I remember some while back when an elderly relative of mine, known for her unflinching pragmatism and somewhat unsympathetic view of religion, suddenly declared to me that she thought the introduction of Sunday trading had been a step backwards. People had always managed without it in the past, she maintained, and families don’t seem to get together on Sundays anymore like they used to, she said, and it’s such a shame when Mr. such-and-such has to work on a Sunday and have Wednesday off, even though his kids are at school on a Wednesday whereas they’re sat at home bored on a Sunday.
There is a truth in those words and it seems to me that, of the three reasons she gave, it is the last amongst them that best symbolises our age. For in our brave new capitalist world it is the weak who are trodden on, and who find themselves most at the mercy of the system they have little choice but to service.
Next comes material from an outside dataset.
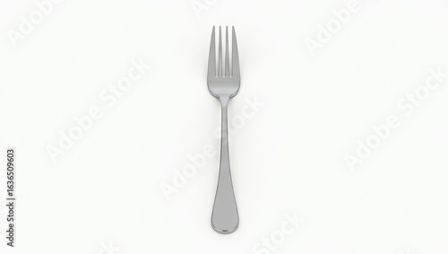 A stainless steel fork is positioned against a plain white background.

For those who have experienced bouts of unemployment, you will probably know what I’m talking about. After months, perhaps years, of searching fruitlessly, you finally get an interview and are inevitably asked the question (if you’re lucky that is – others interviewers will brazenly announce it as a condition of employment); ‘are you willing to work on a Sunday?’ Only, the question isn’t really a question at all, in that you don’t really have a choice, because you know fine well that if you answer ‘no’ then you’ll be out on your ear and back to the job centre, explaining to your family and friends that you missed out, that they’ll have to keep on scraping by, and all for the sake of some silly selfish notion of wanting a day that you might share with your family each week.
Obviously some will maintain that this is freedom, that people have the choice whether to work on a Sunday or not (legally protected), and that choice should be theirs to make, not that of the state. Only, quite often, there is no such choice, at least not for those at the bottom of the ladder – their freedom dissolved when the state ceased to protect it. What is really happening here, then, is the exploitation of those in too vulnerable a position to resist it, usually by those who benefit the most from the arrangement, be it the capitalist or the consumer.
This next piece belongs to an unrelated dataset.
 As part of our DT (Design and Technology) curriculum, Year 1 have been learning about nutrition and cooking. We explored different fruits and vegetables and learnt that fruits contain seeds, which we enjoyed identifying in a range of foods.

Now of course, uttering such words will be provoke derision from a certain caste, usually those lucky enough to be in a position where they don’t have to work on a Sunday, or who see themselves as far too sophisticated to embrace ideas that have such a heavy scent of religionist superstition to them. Indeed, in the name of ‘progressive’ thought they would actively oppose such notions on precisely those grounds, condemned by association, regardless of the benefits of the idea.
Which leads me to the Sabbath. Because the inconvenient fact is that the Sabbath, as it used to be known, was a stick in the mud that resisted this tide and protected the most vulnerable. It spoke of universal equality, a day set aside by a being greater than man who decreed that, for one day a week, no man should own any other. You want to talk about ‘equality’ then here it is: ‘slavery’ was abolished once every seven days, that much was guaranteed, and it was a day shared by all so that all could share in it, and so that all could be equal in respect of it. Today we have lost that essential egalitarianism, and freedom exists more authentically for the powerful than for the powerless. But only freedom similarly possessed by the weakest can be said to be truly universal. Instead, we have instituted seven-days-a-week slavery, and all in the name of freedom, be it of the market or the individual: and so the question remains, how progressive are we, really?
And so, as terribly unfashionable as it is to say this (I whisper it in hushed tones), we ought to bring back the sanctity of the Sabbath, or at least construct something similar. Not to please the religious, or to enforce Christianity upon the unwilling, but merely as one way of extending protection to those who lose out the most in the current status-quo. This, undoubtedly, would be a truly progressive approach.